== What is required ==
Leave every picture out and give back the lines below from the first through the line that holds "Prague-Chodov, the Czech", exactly as written.

======== Data for review

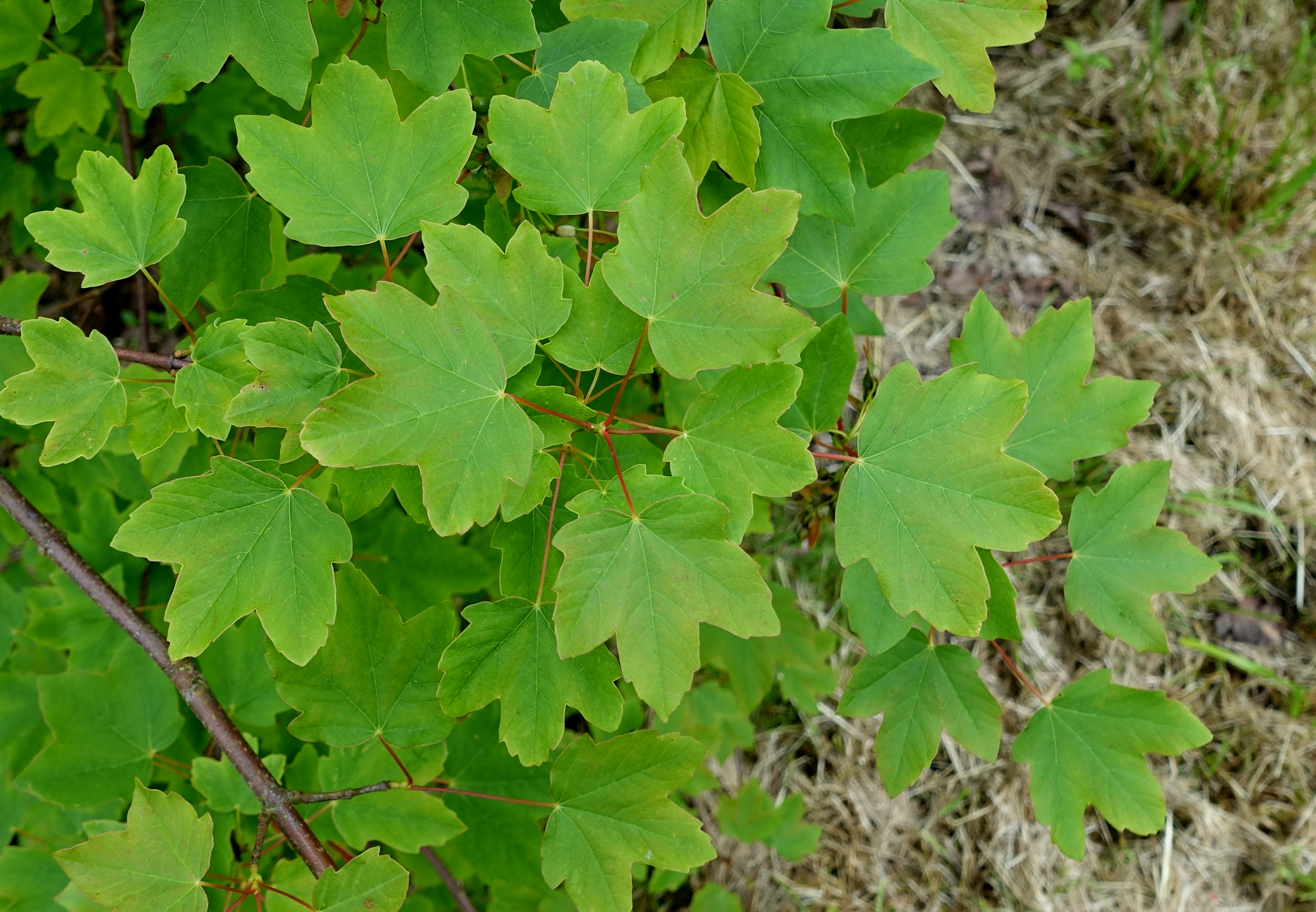 Horticultural specimen in Sir Harold Hillier Gardens - Romsey, Hampshire, England.
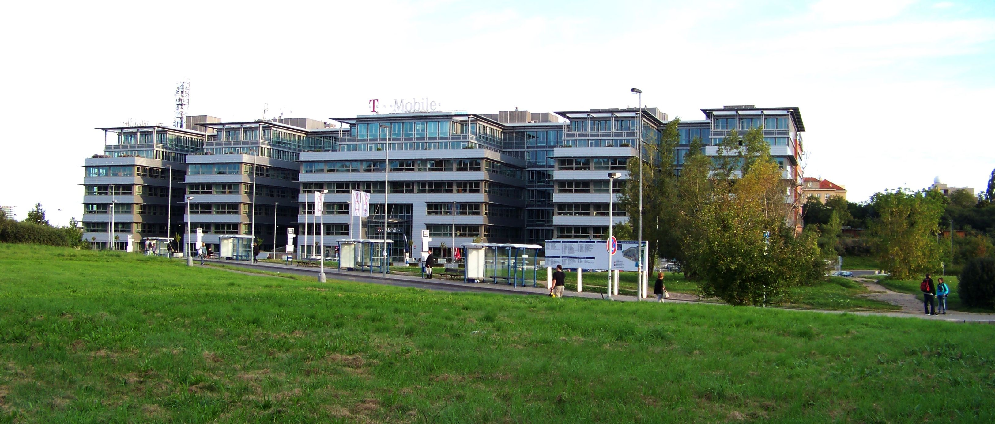 Prague-Chodov, the Czech Republic. Roztyly bus station and T-Mobile building.
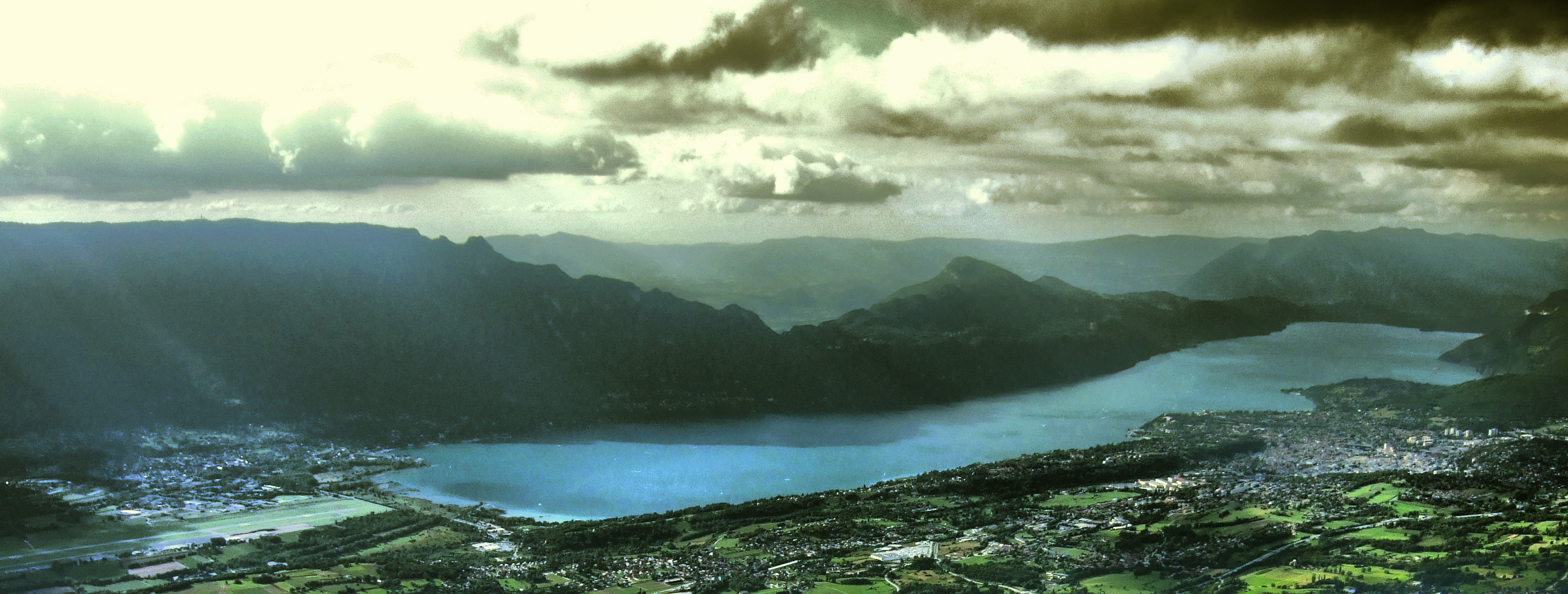 A panoramic view of Lake Bourget (lac du Bourget) in the French Alps, as seen from the Nivolet promontory (1,547m/5,076ft). The city of Aix-les-Bains can be seen on the right hand side of the picture. The Le Bourget/Chambéry airport is visible on the left side of the photograph, at the southern end of the lake. Date of photo: 17 August 2007.
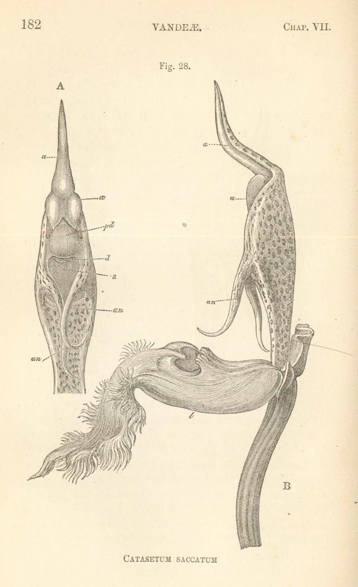 Figure 28 from the 1877 edition of Charles Darwin's Fertilisation of Orchids. Scanned from a copy of the work at the University of Massachusetts Amherst.
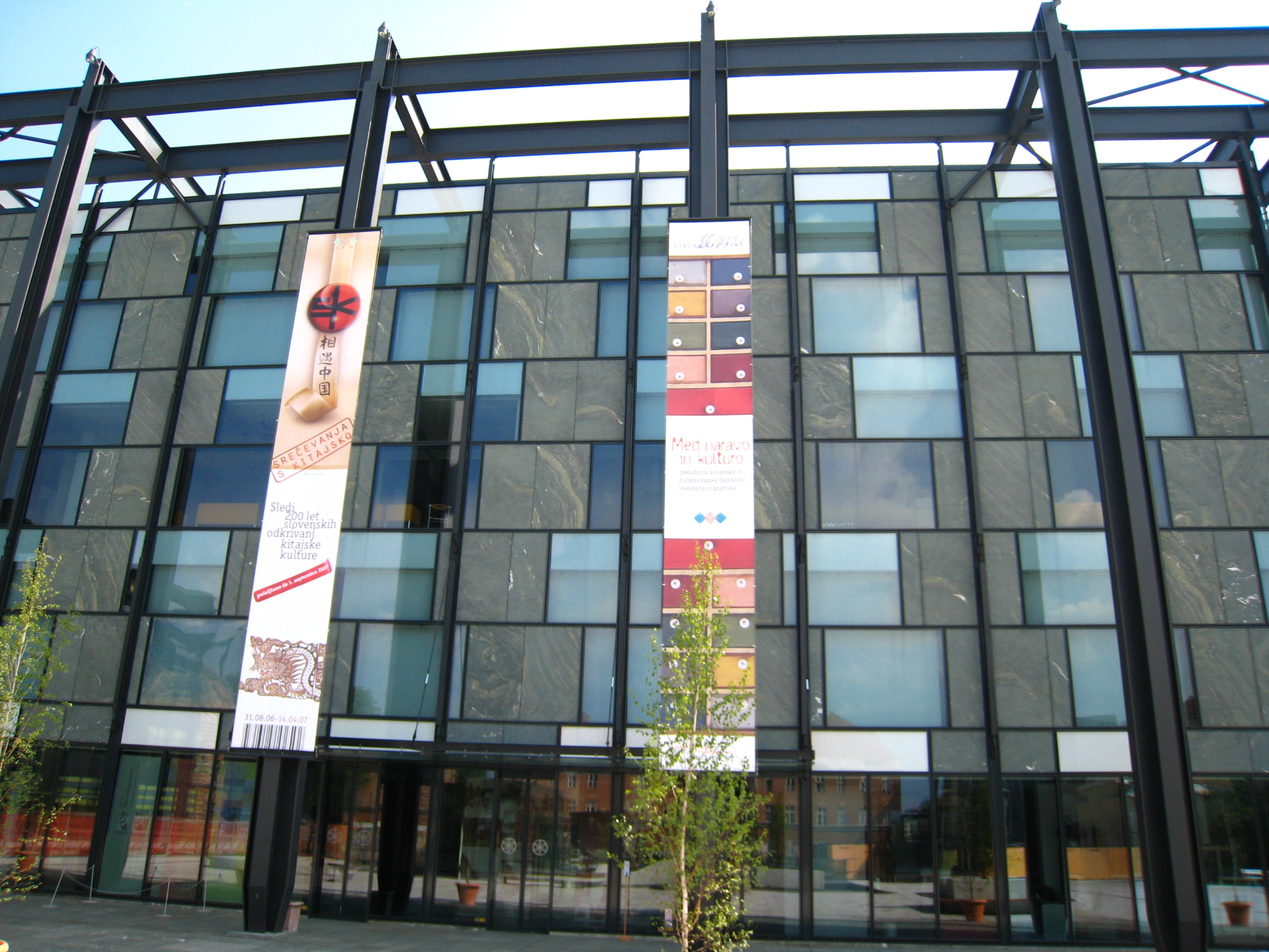 Slovenia Ethnographic Museum, Ljubljana.
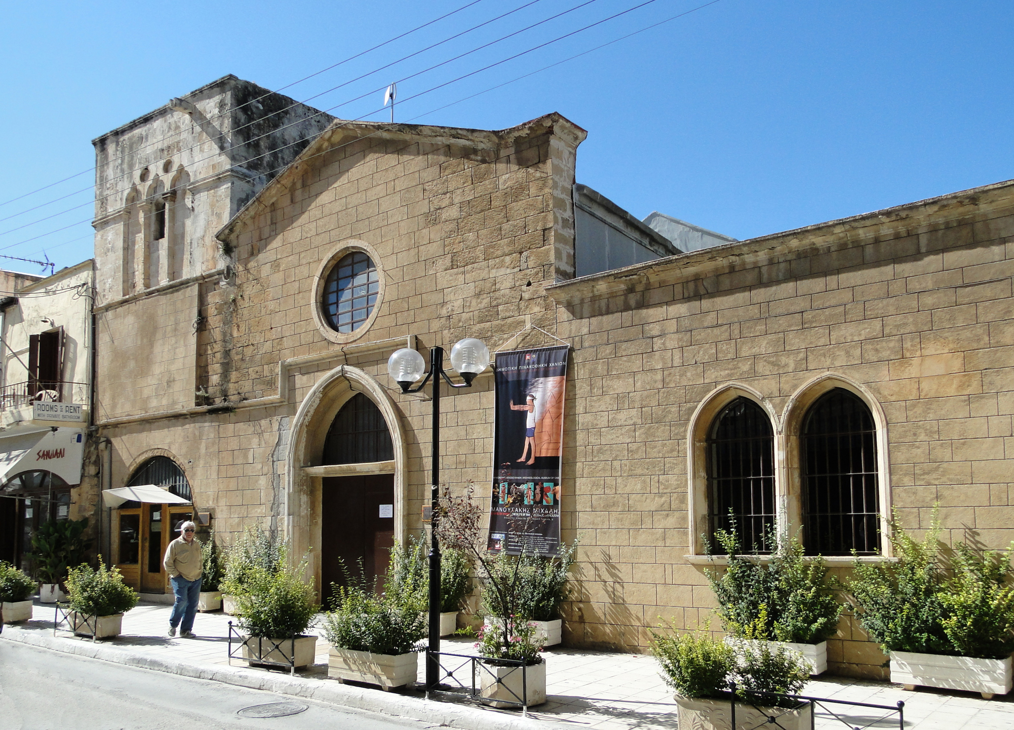 Archaeological Museum of Chania, Crete, Greece
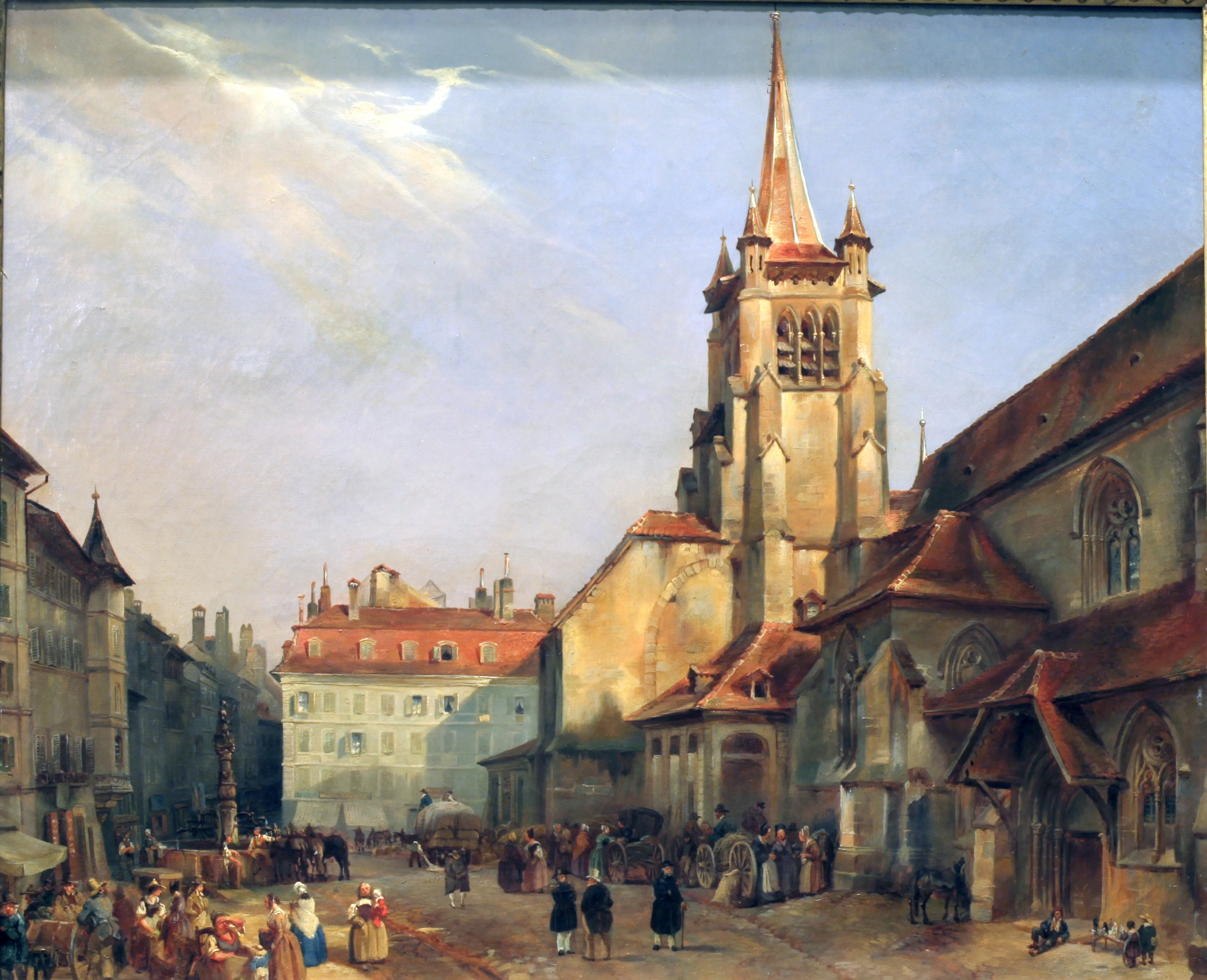 Saint-François square, ca. 1840, oil on canvas, anonymous. On display at the Musée historique de Lausanne.
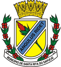 Seal of Municipality of Santa Rita do Sapucaí
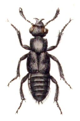 Creophilus maxillosus, from Calwer's Käferbuch, Table 11, Picture 25. Taxonomy was updated to 2008, using mostly the sites Fauna Europaea and BioLib. Please contact Sarefo if the determination is wrong!
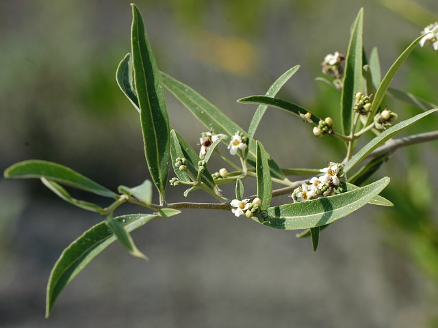 Flowering shoot of Avicennia germinans (Avicennioideae-Acanthaceae). Ajuruteua beach, Bragança, Pará, North Brazil*
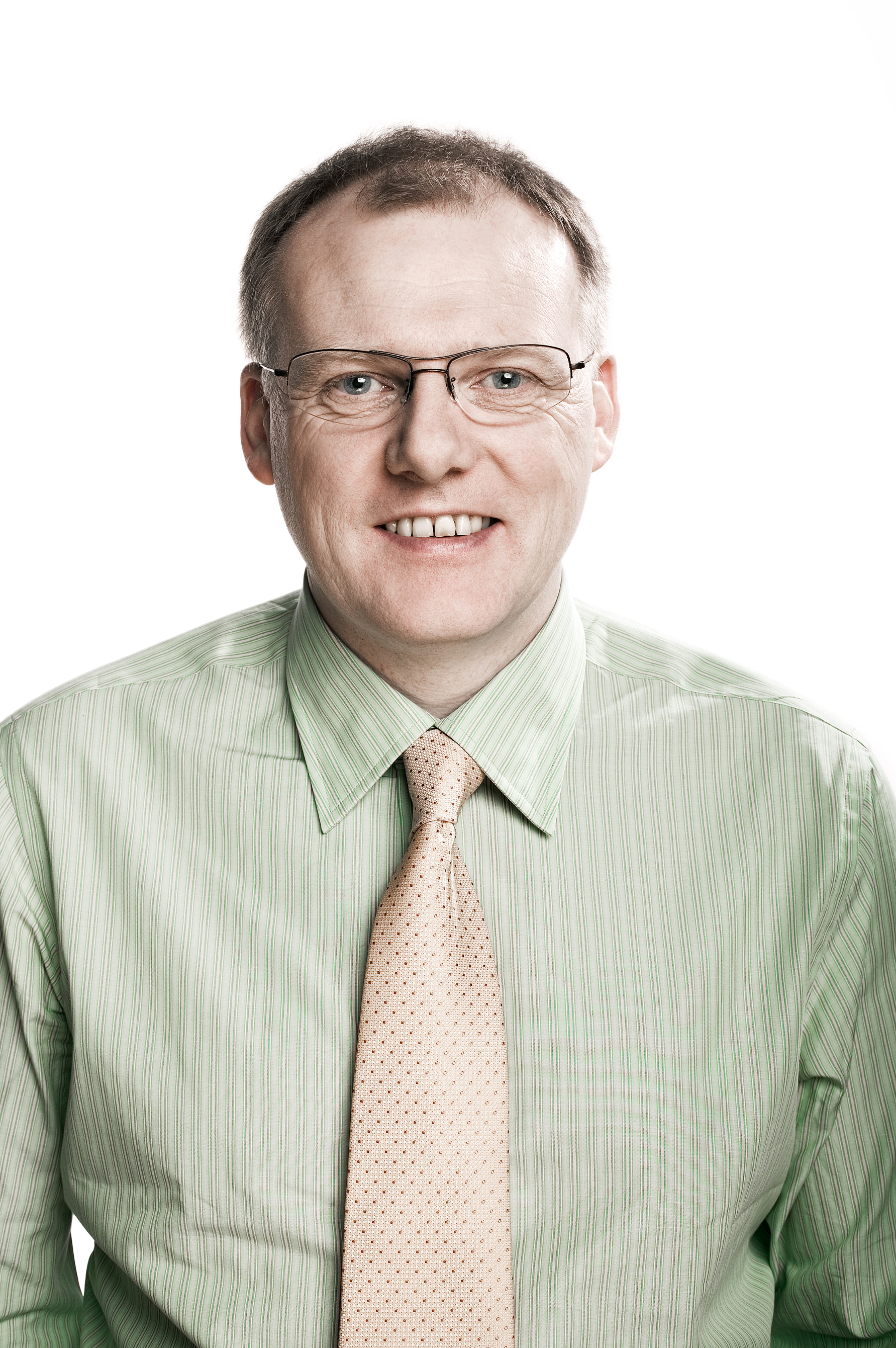 Árni Þór Sigurðsson, MP of the Icleandic Left-Green movement
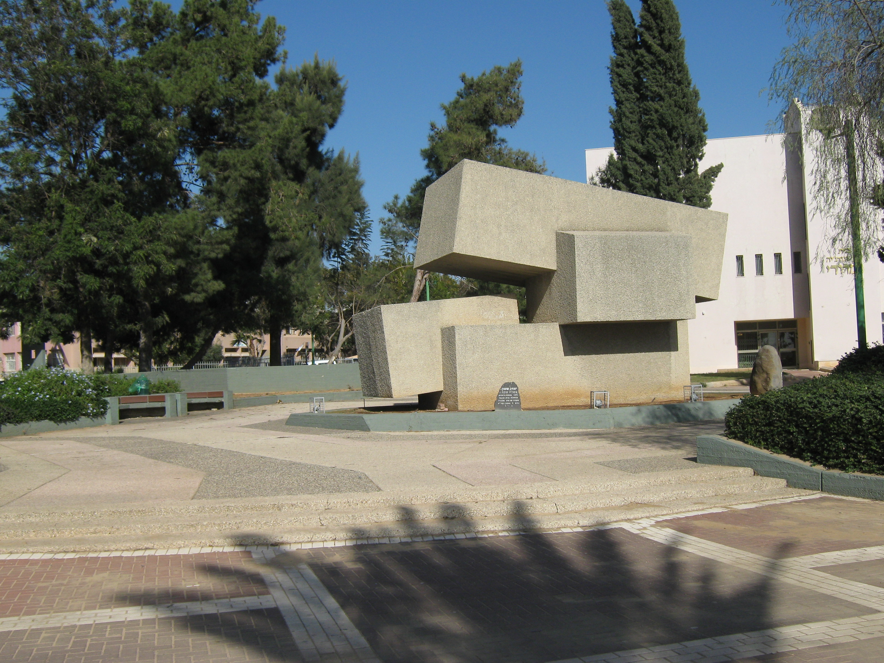 Cities in Israel

================

== Result of the exercise ==
 Horticultural specimen in Sir Harold Hillier Gardens - Romsey, Hampshire, England.
 Prague-Chodov, the Czech Republic. Roztyly bus station and T-Mobile building.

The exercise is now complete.